▸ **What you should do**
Retyped exactly and without pictures, the lines from the one with "活動剛舉行了10分鍾不到就有" through the end of the listing must form the entire answer.

▸ **Data section**
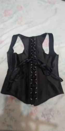 Привлекательный черный атласный жилет на шнуровке с косточками из стали, Приталенный жилет с корсет на ремнях подгрудником, формирователь размера плюс
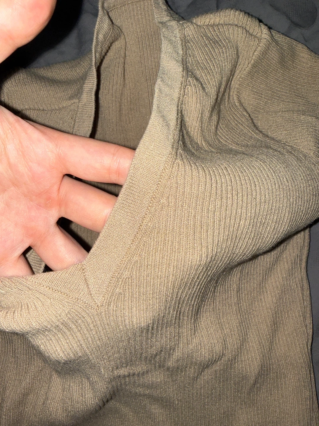 Tan V-neck Ribbed Knit Top
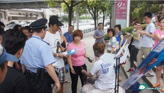 活動剛舉行了10分鍾不到就有人打110報警,兩位民警強制驅趕後。模特披上了外衣。主辦方迅速撤離現場。
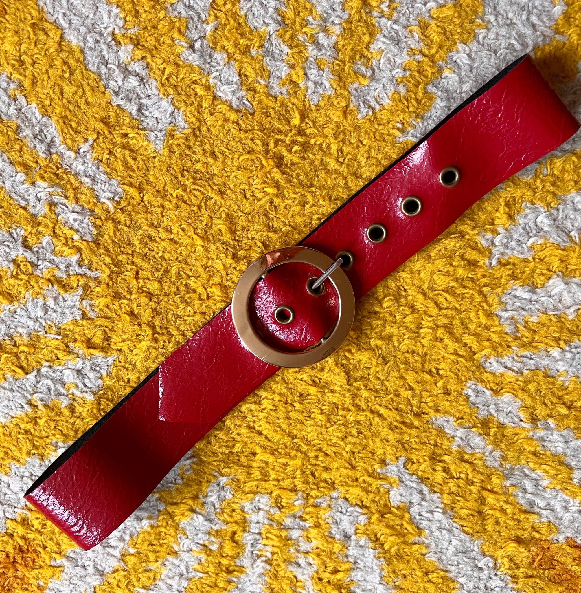 Details- 60s red patent belt with

▸ **Exercise answer**
 活動剛舉行了10分鍾不到就有人打110報警,兩位民警強制驅趕後。模特披上了外衣。主辦方迅速撤離現場。
 Details- 60s red patent belt with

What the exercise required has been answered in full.